Put simply, the procedures for getting both on and off the No-Fly List are insufficient to deprive Second Amendment rights under the Constitution’s Due Process Clause. Due Process prevents the government from depriving “any person” of “life, liberty, or property” without minimal safeguards, such as notice and a hearing. 

The deprivation of a fundamental right is a deprivation of liberty. And the right to keep and bear arms is a fundamental right.   McDonald v. City of Chicago, Ill., 561 U.S. 742 (2010). Therefore, the right to keep and bear arms cannot be deprived without due process. 

The core of due process is fundamental fairness, which requires that an individual be provided with notice of any proceedings against him and an opportunity to be heard at those proceedings. Mathews v. Eldridge, 424 U.S. 319 (1976).  The No-Fly List provides neither.         

“For-cause” public employees are entitled to pre-termination notice and an opportunity to be heard, Cleveland Bd. of Educ. v. Loudermill, 470 U.S. 532 (1985), as are recipients of disability benefits, Mathews v. Eldridge, 424 U.S. 319 (1976).  And an evidentiary hearing must be held before welfare benefits are terminated. Goldberg v. Kelly, 397 U.S. 254 (1970). Certainly then, due process must require notice and an opportunity to be heard before Second Amendment rights can be terminated.

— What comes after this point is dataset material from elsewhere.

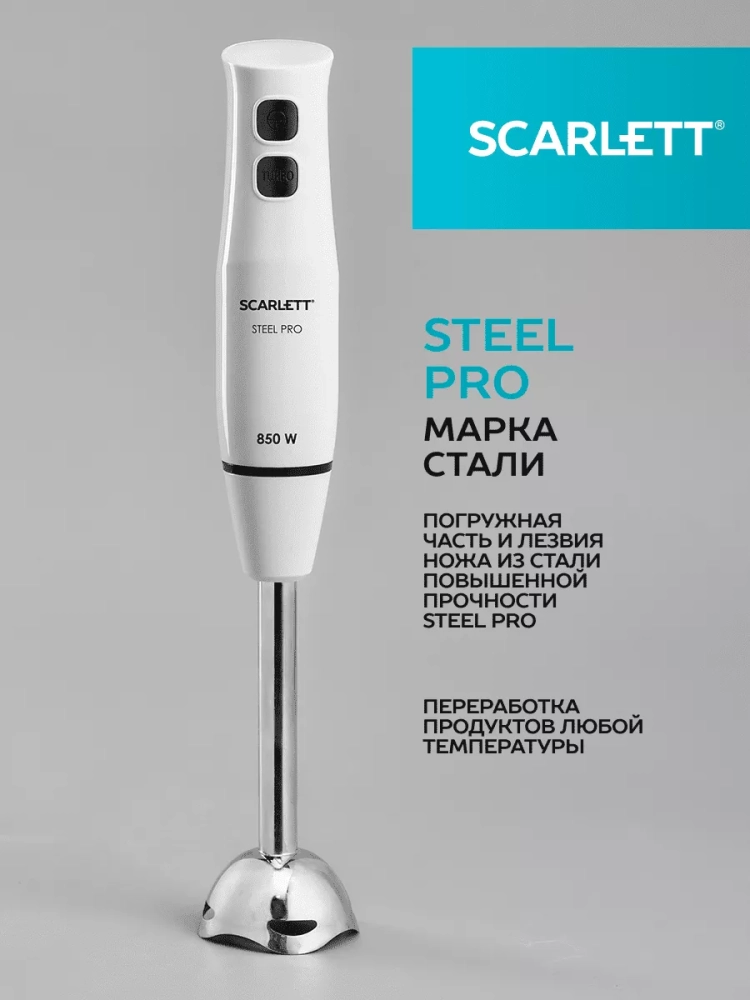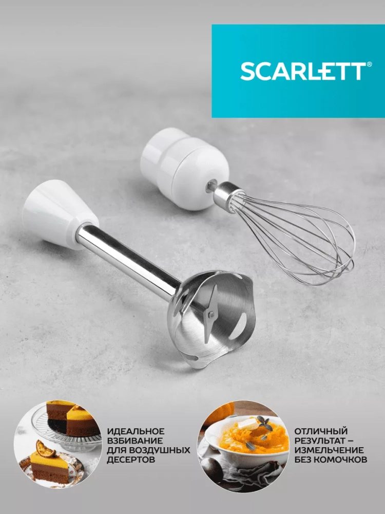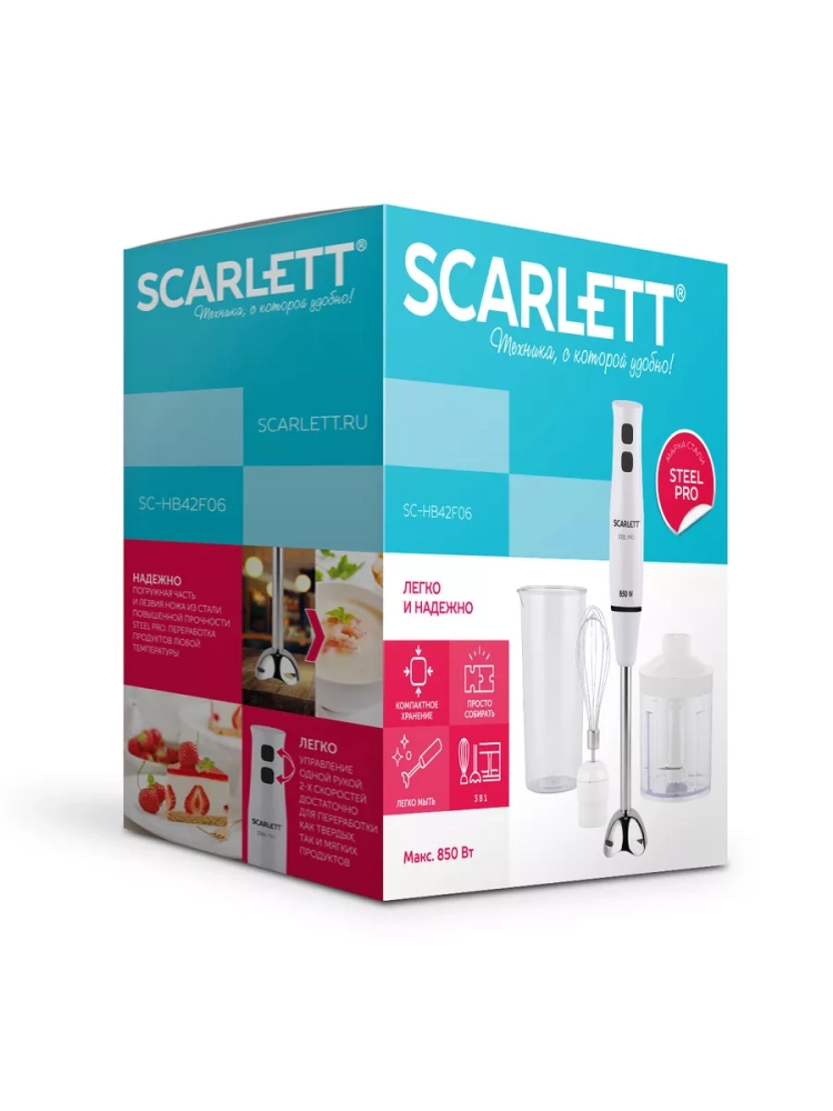 Scarlett SC-HB42F06 – погружной блендер, созданный, чтобы упростить и ускорить множество кулинарных задач. Так, модель быстро измельчит и перемешает до однородной консистенции ингредиенты крем-супов, пюре, соусов, взобьет воздушный крем из сливок и измельчает мясо и в фарш. Прибор оснащён двумя кнопками управления. Активируйте режим «Турбо», для измельчения наиболее твёрдых продуктов.

The First Circuit held the same in United States v. Rehlander, 666 F.3d 45, 48 (1st Cir. 2012). In ruling that a statute prohibiting the possession of firearms by persons committed to a mental institution could not apply to temporary involuntary emergency hospitalizations based only on ex parte procedures, the court explained that after the Supreme Court’s decision in D.C. v. Heller, 554 U.S. 570 (2008):

[T]he right to possess arms (among those not properly disqualified) is no longer something that can be withdrawn by government on a permanent and irrevocable basis without due process. Ordinarily, to work a permanent or prolonged loss of a constitutional liberty or property interest, an adjudicatory hearing, including a right to offer and test evidence if facts are in dispute, is required.

The No-Fly List firearms prohibition would undermine many principles fundamental to our nation’s scheme of ordered liberty, including the right to keep and bear arms, the presumption of innocence, and the right to due process.  Regardless of the result of the ongoing political dispute over the ban, it is in conflict with the protections set out in the Constitution.  

That is not to say that any restriction on the Second Amendment rights of individuals on the No-Fly List is necessarily unconstitutional.  Indeed, many prior restraints have been widely accepted in the Second Amendment context, some of which could likely be tailored to achieve the government’s interest in preventing suspected terrorists from possessing firearms without violating the Constitution. But to deprive Americans of a fundamental right because of their inclusion on a secret government list that is compiled on the basis of secret criteria and virtually impossible to challenge is fundamentally unconstitutional and should offend every American’s sense of fairness.